The U.S. military is seeking a one-size-fits-all approach to counter drone swarms. And while directed-energy technologies aren’t new at all, they’re finally emerging as the countermeasures most likely to be embraced for this purpose.

“Small drones are an asymmetric threat to troops on the ground because an adversary can spend a few hundred dollars on a drone to take out expensive equipment worth much more,” says Michael Blades, vice president of Aerospace and Security for Frost & Sullivan (San Antonio, Texas). “So counterdrone technologies are increasingly on the move, packable, and becoming more automated.”

Commercial counter-UAS systems tend to be focused on RF [radio frequency], “because they’re worried about small drones with controllers using RF and Wi-Fi,” Blades notes. “On the military side, they’re going with directed-energy technologies such as high-powered microwaves and high-energy lasers – because they view them as the way to counter drone swarms of all sizes. A high-power microwave’s electromagnetic pulse can disable all of the drones within a swarm.”
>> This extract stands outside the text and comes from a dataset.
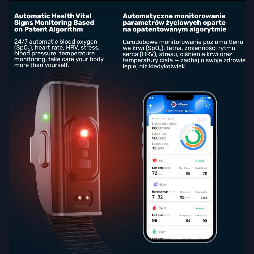 • 💓 Ciągły monitoring zdrowia 24/7 – tętno, SpO₂, ciśnienie, stres, temperatura

Drone swarms of the future will become increasingly sophisticated, Blades posits. “If you have 50 or 100 drones coming at you it’s a vastly different situation than simply one or two drones,” he says. “There’s an issue of speed and the distance at which you detect drone swarms. This distance needs to be pushed out, because some drones are extremely fast. If you can’t detect, identify, and mitigate swarms quickly, you’re in trouble.”
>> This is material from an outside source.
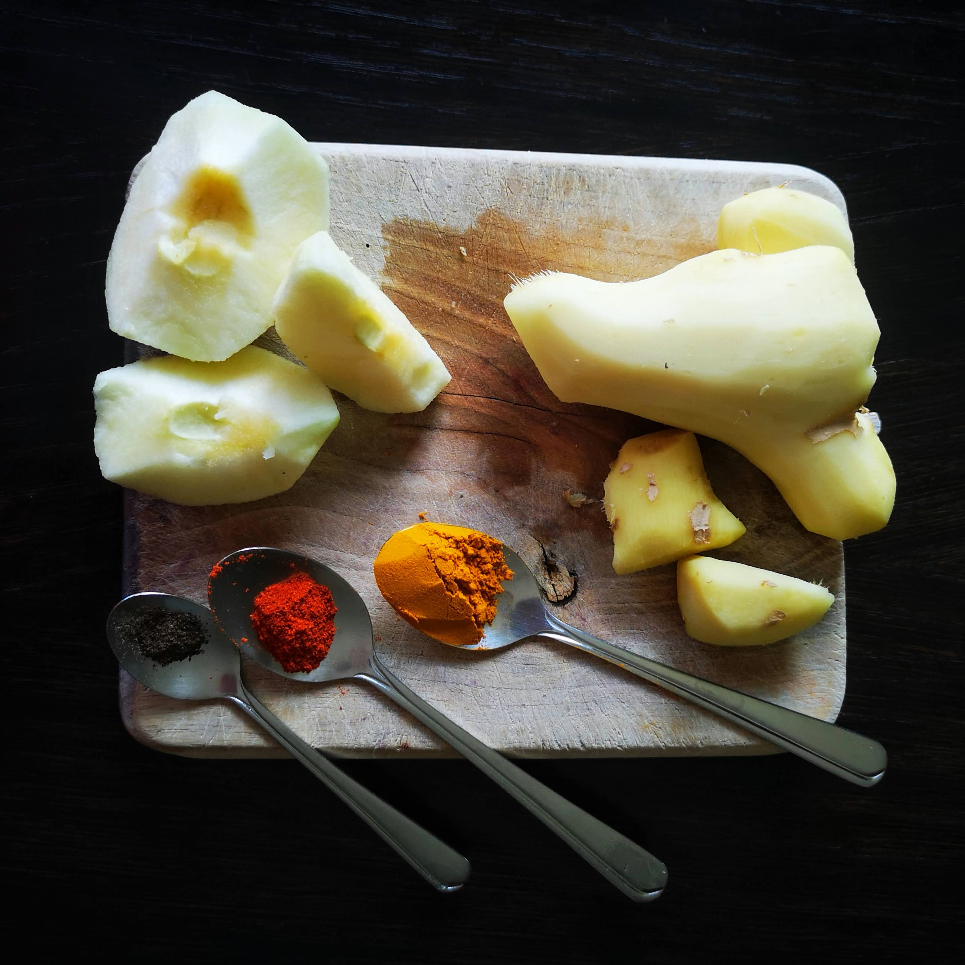 Комбинирайте всички съставки в блендер или кухненски робот и блендирайте до гладко пюре.150 г пресен корен джинджифил, 60 г ябълка, 1 ч. л. куркума, 1/4 ч. л. кайенски пипер, 1 щипка черен пипер, 240 мл вода

One big challenge now is that the detection range needs to be sufficient to mitigate an attack before it becomes a true threat. “This is where AI comes in – they’re trying to do a lot autonomously so you won’t even need a person sitting there thinking about it,” Blades points out.

An emerging trend Blades sees within the counterdrone realm is a shift toward ­supporting artificial intelligence (AI). “The ability to process at the network’s edge or in the cloud is going to be huge,” he says. “There will also need to be faster processing to support AI and turn data into actionable intelligence quickly. And open architecture is being championed to future-proof systems to enable sensor fusion. If you have one sensor and bring in another sensor later, you’ll want the ability to fuse them together to get the big picture.”

Anything that helps improve size, weight, power, and cost (SWaP-C) continues to be important as well, Blades adds.

Emerging drone threats

The U.S. Department of Defense (DoD) classifies drones within five categories: Group 1 includes commercial quadcopters that can be purchased online and modified to carry munitions or do reconnaissance and targeting. Group 2 includes fixed-wing systems that look like tiny airplanes, which are fast and maneuverable. Those in Group 3 look similar to cruise missiles, while Groups 4 and 5 are akin to unmanned aircraft.

Raytheon has developed both high-power microwave (Figure 1) and high-energy laser counterdrone solutions to deal with small drone (sUAS) threats, which fall into Groups 1 and 2. “Ironically, the smallest pose the biggest threats because they’re easily accessible and quite advanced now,” says Evan Hunt, director of business development for Raytheon (McKinney, Texas) counter-UAS (C-UAS) and high-energy lasers. “Every new model released is faster, more capable in weather, with longer range, and improved connectivity and flight time. So the trick is really to develop an answer to a threat that can withstand the evolutionary rate.”

[Figure 1 | Raytheon’s Phaser high-power microwave system uses directed energy to down drones – single drones or swarms – by focusing a wide, arcing energy beam on drones. The beam sends out a short, high power burst of electromagnetic energy, destroying the drones’ electronics and dropping them simultaneously from the sky.]

While many drones today can be stopped or deterred via jamming their Wi-Fi and GPS signals, “drones of the future will be unjammable,” Hunt says. “Jamming is only a temporary solution to the drone threat. Drones will not only become harder to jam, they will get faster, deadlier, and more autonomous, and they’ll attack in swarms.”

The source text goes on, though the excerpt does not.